→ Work request
Reproduce the records below exactly as shown.

# # # # # # #

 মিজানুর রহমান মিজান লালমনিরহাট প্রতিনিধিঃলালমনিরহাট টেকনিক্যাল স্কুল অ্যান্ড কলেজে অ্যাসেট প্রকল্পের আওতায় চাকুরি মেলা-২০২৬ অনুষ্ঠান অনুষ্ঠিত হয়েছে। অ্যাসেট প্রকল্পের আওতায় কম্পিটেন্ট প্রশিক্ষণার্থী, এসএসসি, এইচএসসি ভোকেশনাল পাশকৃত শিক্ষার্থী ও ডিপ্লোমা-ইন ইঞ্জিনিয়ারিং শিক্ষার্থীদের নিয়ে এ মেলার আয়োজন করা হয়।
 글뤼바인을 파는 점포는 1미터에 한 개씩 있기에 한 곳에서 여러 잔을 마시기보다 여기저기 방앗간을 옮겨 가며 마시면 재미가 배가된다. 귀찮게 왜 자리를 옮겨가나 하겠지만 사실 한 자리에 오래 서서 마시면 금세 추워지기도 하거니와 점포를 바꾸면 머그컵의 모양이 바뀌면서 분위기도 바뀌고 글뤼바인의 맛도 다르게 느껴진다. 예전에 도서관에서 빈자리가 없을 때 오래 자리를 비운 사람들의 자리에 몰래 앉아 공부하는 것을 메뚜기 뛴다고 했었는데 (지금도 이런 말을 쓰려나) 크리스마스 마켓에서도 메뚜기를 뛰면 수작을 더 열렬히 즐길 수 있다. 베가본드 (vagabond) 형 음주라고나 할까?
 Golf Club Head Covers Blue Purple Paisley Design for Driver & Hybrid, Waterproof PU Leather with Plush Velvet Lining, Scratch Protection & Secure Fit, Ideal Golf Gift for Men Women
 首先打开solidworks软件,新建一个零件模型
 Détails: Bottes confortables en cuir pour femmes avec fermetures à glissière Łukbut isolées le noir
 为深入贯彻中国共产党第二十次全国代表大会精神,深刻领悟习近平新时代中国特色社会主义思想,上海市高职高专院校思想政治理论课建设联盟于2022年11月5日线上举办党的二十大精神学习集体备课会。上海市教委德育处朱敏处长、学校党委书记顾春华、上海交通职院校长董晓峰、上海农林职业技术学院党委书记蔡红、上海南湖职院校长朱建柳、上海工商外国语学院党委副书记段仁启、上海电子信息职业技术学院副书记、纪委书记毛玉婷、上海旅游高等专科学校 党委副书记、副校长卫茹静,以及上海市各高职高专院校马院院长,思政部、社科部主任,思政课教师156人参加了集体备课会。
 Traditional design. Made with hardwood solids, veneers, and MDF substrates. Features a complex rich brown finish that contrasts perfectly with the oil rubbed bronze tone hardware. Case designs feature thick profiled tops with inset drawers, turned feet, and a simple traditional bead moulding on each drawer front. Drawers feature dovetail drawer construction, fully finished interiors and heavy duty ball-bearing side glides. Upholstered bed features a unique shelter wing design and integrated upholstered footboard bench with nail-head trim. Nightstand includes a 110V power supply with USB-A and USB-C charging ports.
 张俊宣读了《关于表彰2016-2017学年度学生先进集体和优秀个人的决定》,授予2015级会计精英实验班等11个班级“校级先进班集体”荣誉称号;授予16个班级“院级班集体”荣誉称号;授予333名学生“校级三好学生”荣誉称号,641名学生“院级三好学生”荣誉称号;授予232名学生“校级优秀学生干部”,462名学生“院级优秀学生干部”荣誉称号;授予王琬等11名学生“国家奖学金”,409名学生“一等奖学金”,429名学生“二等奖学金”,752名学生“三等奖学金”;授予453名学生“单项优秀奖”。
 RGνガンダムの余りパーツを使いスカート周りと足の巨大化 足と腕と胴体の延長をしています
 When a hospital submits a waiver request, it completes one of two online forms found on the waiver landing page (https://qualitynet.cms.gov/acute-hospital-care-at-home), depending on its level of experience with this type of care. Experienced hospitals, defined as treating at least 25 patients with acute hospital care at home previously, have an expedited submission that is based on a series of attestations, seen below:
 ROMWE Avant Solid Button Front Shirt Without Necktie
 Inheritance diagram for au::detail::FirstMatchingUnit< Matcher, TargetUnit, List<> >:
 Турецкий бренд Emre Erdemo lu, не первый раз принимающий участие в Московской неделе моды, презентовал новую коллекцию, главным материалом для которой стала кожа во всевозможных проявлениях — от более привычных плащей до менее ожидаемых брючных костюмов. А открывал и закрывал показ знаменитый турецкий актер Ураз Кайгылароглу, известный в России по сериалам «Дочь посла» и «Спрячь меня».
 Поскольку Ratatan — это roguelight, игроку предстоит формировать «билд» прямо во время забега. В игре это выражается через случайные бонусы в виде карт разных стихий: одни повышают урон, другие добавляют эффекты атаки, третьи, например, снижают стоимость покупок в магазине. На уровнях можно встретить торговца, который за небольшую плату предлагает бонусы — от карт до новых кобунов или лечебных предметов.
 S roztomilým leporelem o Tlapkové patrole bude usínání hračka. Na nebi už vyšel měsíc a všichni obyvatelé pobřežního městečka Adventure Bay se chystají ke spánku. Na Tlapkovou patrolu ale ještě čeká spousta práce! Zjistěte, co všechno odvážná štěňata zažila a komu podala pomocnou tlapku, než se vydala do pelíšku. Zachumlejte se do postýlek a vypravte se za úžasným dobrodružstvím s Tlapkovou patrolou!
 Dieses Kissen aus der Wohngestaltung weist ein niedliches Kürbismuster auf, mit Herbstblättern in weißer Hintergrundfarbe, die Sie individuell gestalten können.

# # # # # # #

→ Answer section
 মিজানুর রহমান মিজান লালমনিরহাট প্রতিনিধিঃলালমনিরহাট টেকনিক্যাল স্কুল অ্যান্ড কলেজে অ্যাসেট প্রকল্পের আওতায় চাকুরি মেলা-২০২৬ অনুষ্ঠান অনুষ্ঠিত হয়েছে। অ্যাসেট প্রকল্পের আওতায় কম্পিটেন্ট প্রশিক্ষণার্থী, এসএসসি, এইচএসসি ভোকেশনাল পাশকৃত শিক্ষার্থী ও ডিপ্লোমা-ইন ইঞ্জিনিয়ারিং শিক্ষার্থীদের নিয়ে এ মেলার আয়োজন করা হয়।
 글뤼바인을 파는 점포는 1미터에 한 개씩 있기에 한 곳에서 여러 잔을 마시기보다 여기저기 방앗간을 옮겨 가며 마시면 재미가 배가된다. 귀찮게 왜 자리를 옮겨가나 하겠지만 사실 한 자리에 오래 서서 마시면 금세 추워지기도 하거니와 점포를 바꾸면 머그컵의 모양이 바뀌면서 분위기도 바뀌고 글뤼바인의 맛도 다르게 느껴진다. 예전에 도서관에서 빈자리가 없을 때 오래 자리를 비운 사람들의 자리에 몰래 앉아 공부하는 것을 메뚜기 뛴다고 했었는데 (지금도 이런 말을 쓰려나) 크리스마스 마켓에서도 메뚜기를 뛰면 수작을 더 열렬히 즐길 수 있다. 베가본드 (vagabond) 형 음주라고나 할까?
 Golf Club Head Covers Blue Purple Paisley Design for Driver & Hybrid, Waterproof PU Leather with Plush Velvet Lining, Scratch Protection & Secure Fit, Ideal Golf Gift for Men Women
 首先打开solidworks软件,新建一个零件模型
 Détails: Bottes confortables en cuir pour femmes avec fermetures à glissière Łukbut isolées le noir
 为深入贯彻中国共产党第二十次全国代表大会精神,深刻领悟习近平新时代中国特色社会主义思想,上海市高职高专院校思想政治理论课建设联盟于2022年11月5日线上举办党的二十大精神学习集体备课会。上海市教委德育处朱敏处长、学校党委书记顾春华、上海交通职院校长董晓峰、上海农林职业技术学院党委书记蔡红、上海南湖职院校长朱建柳、上海工商外国语学院党委副书记段仁启、上海电子信息职业技术学院副书记、纪委书记毛玉婷、上海旅游高等专科学校 党委副书记、副校长卫茹静,以及上海市各高职高专院校马院院长,思政部、社科部主任,思政课教师156人参加了集体备课会。
 Traditional design. Made with hardwood solids, veneers, and MDF substrates. Features a complex rich brown finish that contrasts perfectly with the oil rubbed bronze tone hardware. Case designs feature thick profiled tops with inset drawers, turned feet, and a simple traditional bead moulding on each drawer front. Drawers feature dovetail drawer construction, fully finished interiors and heavy duty ball-bearing side glides. Upholstered bed features a unique shelter wing design and integrated upholstered footboard bench with nail-head trim. Nightstand includes a 110V power supply with USB-A and USB-C charging ports.
 张俊宣读了《关于表彰2016-2017学年度学生先进集体和优秀个人的决定》,授予2015级会计精英实验班等11个班级“校级先进班集体”荣誉称号;授予16个班级“院级班集体”荣誉称号;授予333名学生“校级三好学生”荣誉称号,641名学生“院级三好学生”荣誉称号;授予232名学生“校级优秀学生干部”,462名学生“院级优秀学生干部”荣誉称号;授予王琬等11名学生“国家奖学金”,409名学生“一等奖学金”,429名学生“二等奖学金”,752名学生“三等奖学金”;授予453名学生“单项优秀奖”。
 RGνガンダムの余りパーツを使いスカート周りと足の巨大化 足と腕と胴体の延長をしています
 When a hospital submits a waiver request, it completes one of two online forms found on the waiver landing page (https://qualitynet.cms.gov/acute-hospital-care-at-home), depending on its level of experience with this type of care. Experienced hospitals, defined as treating at least 25 patients with acute hospital care at home previously, have an expedited submission that is based on a series of attestations, seen below:
 ROMWE Avant Solid Button Front Shirt Without Necktie
 Inheritance diagram for au::detail::FirstMatchingUnit< Matcher, TargetUnit, List<> >:
 Турецкий бренд Emre Erdemo lu, не первый раз принимающий участие в Московской неделе моды, презентовал новую коллекцию, главным материалом для которой стала кожа во всевозможных проявлениях — от более привычных плащей до менее ожидаемых брючных костюмов. А открывал и закрывал показ знаменитый турецкий актер Ураз Кайгылароглу, известный в России по сериалам «Дочь посла» и «Спрячь меня».
 Поскольку Ratatan — это roguelight, игроку предстоит формировать «билд» прямо во время забега. В игре это выражается через случайные бонусы в виде карт разных стихий: одни повышают урон, другие добавляют эффекты атаки, третьи, например, снижают стоимость покупок в магазине. На уровнях можно встретить торговца, который за небольшую плату предлагает бонусы — от карт до новых кобунов или лечебных предметов.
 S roztomilým leporelem o Tlapkové patrole bude usínání hračka. Na nebi už vyšel měsíc a všichni obyvatelé pobřežního městečka Adventure Bay se chystají ke spánku. Na Tlapkovou patrolu ale ještě čeká spousta práce! Zjistěte, co všechno odvážná štěňata zažila a komu podala pomocnou tlapku, než se vydala do pelíšku. Zachumlejte se do postýlek a vypravte se za úžasným dobrodružstvím s Tlapkovou patrolou!
 Dieses Kissen aus der Wohngestaltung weist ein niedliches Kürbismuster auf, mit Herbstblättern in weißer Hintergrundfarbe, die Sie individuell gestalten können.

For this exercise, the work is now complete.